Staples vs. the Nasdaq
We've already seen that internal trends have been powerful in defensive sectors like Consumer Staples but curiously weak in higher-beta areas like the Nasdaq 100. It's even more fragile in the broader measures that look at the entire Nasdaq exchange.
The percentage of Staples stocks trading above their 50-day moving averages reached 90% last week, while fewer than 25% of stocks on the Nasdaq managed to hold their medium-term trends.
That's the widest spread in trends between the two groups in at least 30 years.
It wasn't very successful if we took this as a warning sign for the broader market. Looking at returns in the S&P 500 after every signal since 1990, only one of them preceded a large and protracted decline.
With an average daily move of more than 1.3% through the first 3 weeks of the month, the Nasdaq Composite is on track for the 8th most volatile December since its 1971 inception.
Simple trend-following for switching between Emerging Markets and the S&P 500
Jay showed a simple trend-following strategy that switches between emerging markets and the S&P 500.
The chart below displays the fluctuations in the relationship between EM and SPX since the late 1980s.
The "Switching" strategy held emerging markets if the trend was positive and the S&P 500 if it was negative. It was 100% invested at all times.
As a baseline, we will also split money evenly between the two indexes and rebalance to a 50/50 split each year's first Friday.

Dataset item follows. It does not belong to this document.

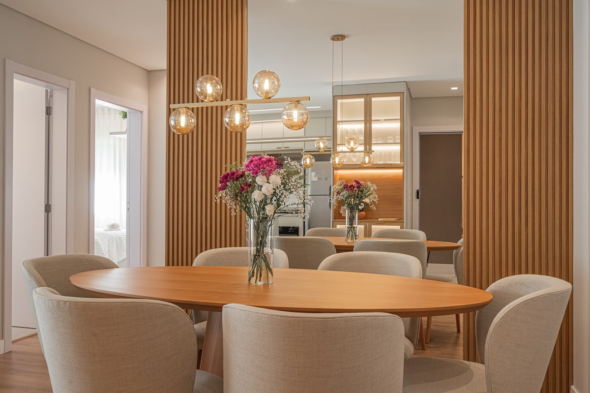 A beautiful apartment located in the Bavária neighborhood in Gramado, on a quiet and wooded street, just 3 blocks from a grocery store, pharmacy and bakery, 1500m from Rua Coberta and with several Fondue restaurants on the way. It has hot/cold air conditioning in all rooms, incredible decor and a fully equipped suite. Being in the central region, you can do many things on foot, having the convenience of leaving the car in the parking lot and contemplating everything Gramado has to offer!

We will refer to this as the "Buy/Hold/Rebalance" strategy.
The chart below displays the growth of $1 invested using the Switching strategy versus $1 in the Buy/Hold/Rebalance strategy.
$1 in the Switching strategy grew to $70.91, while $1 in the Buy/Hold/Rebalance strategy grew to $19.08. The Switching strategy outperformed the Buy/Hold/Rebalance strategy by a factor of 3.72-to-1.